Apparently nobler and braver than all other warriors, Titus returns in triumph to Rome after years of war against the Goths. Unwisely, he both sacrifices a son of Queen Tamora and lets the treacherous Saturninus become emperor. When he sees his family being destroyed by Tamora and her lover Aaron, the Moor, he goes mad and raves almost touchingly, before baking his enemies’ heads into a pie and charging headlong into a climactic bloodbath.

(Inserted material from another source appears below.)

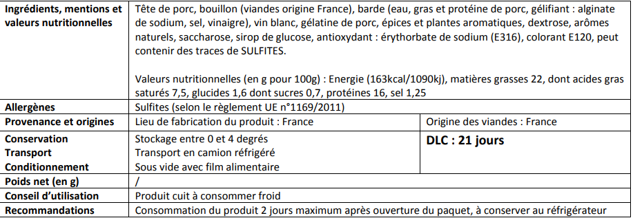 Tête roulée morceau, 500gr, 9.95€/kg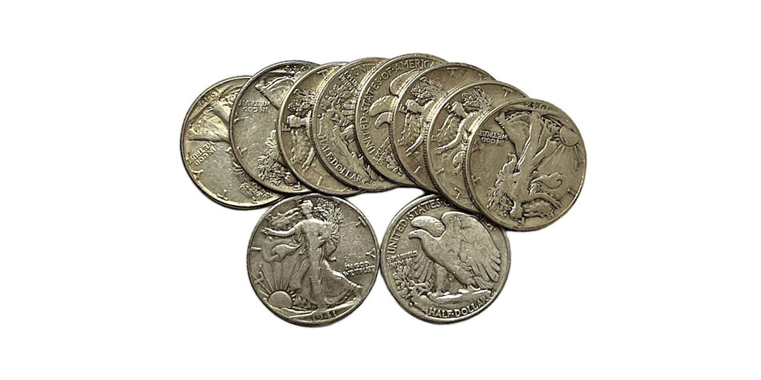 Set of 10 silver half dollar pieces. Different years or mints. BC+/MBC

Summary Article: Titus Andronicus
from Dictionary of Shakespeare, Peter Collin Publishing

One of Shakespeare's Roman plays and an early tragedy, Titus Andronicus may have been written around 1593, or possibly as early as 1589. It was first published in a quarto edition in 1594 and possibly first performed in the same year (some scholars argue for a first performance as early as 1590) and was a great favourite with Elizabethan audiences. Over the centuries there has been a great deal of dispute among scholars as to whether Shakespeare wrote Titus Andronicus in collaboration with another dramatist. Some are reluctant to believe that Shakespeare could have written such an unremittingly cruel play with its multiple revenge killings, but it is important to remember that in Shakespeare's time the revenge play, which was horrifically violent and bloodthirsty, was enormously popular with audiences. A possible source for the play is a lost play entitled Titus and Vespesian, which was certainly performed in 1592, but the plot seems to have been largely Shakespeare's own invention, although it is evident that he was influenced by the gruesome works of the Seneca. The play, set in Ancient Rome, begins like Shakespeare's history plays with a dispute about a new ruler and ends with a new order in Rome. It explores themes of extreme cruelty, including mutilation and cannibalism.


SYNOPSIS :

The hero Titus returns to Rome in triumph after defeating the Goths. He is popular with the people, but he refuses the honour of being made Emperor, in favour of Saturnius, the late emperor's son. Titus has captured Tamora, Queen of the Goths, with her three sons, and he insists on the ritual sacrifice of her eldest son, Alarbus, to appease the spirits of his dead sons. Tamora vows to avenge Alarbus' death. She marries Saturnius, and aided and abetted by her lover the wicked Moor Aaron, sets out to destroy Titus. Aaron frames Titus' sons, Quintus and Martius, for murder and although Titus is tricked into cutting off his own hand in order to ransom them, they are beheaded. Titus' daughter Lavinia is seized by Tamora's sons, Chiron and Demetrius. Her husband is killed in front of her, and she is raped and horribly mutilated. They cut off her hands and cut out her tongue so that she cannot write or speak the names of her attackers. Titus, nearly mad with grief, becomes as vengeful as his enemies and orders his son Lucius and his brother Marcus to right the wrongs done to their family. Lucius raises an army of Goths to march on the Emperor Saturnius and depose him. Saturnius panics, but Tamora assures him that she will be able to persuade Titus to call off the attack. Disguised as 'Revenge', an evil spirit from Hell, she urges Titus to invite his enemies to a banquet where they will all be at his mercy. She, meanwhile, plans to kill Titus and Lucius. Titus sees through her disguise and her plan. He kills her sons, cooks them in a pie and serves it up to her at the banquet. When he has told her that she has eaten the flesh of her own sons, Titus kills Tamora and is immediately killed by Saturnius. Lucius kills Saturnius and is hailed as Rome's new emperor.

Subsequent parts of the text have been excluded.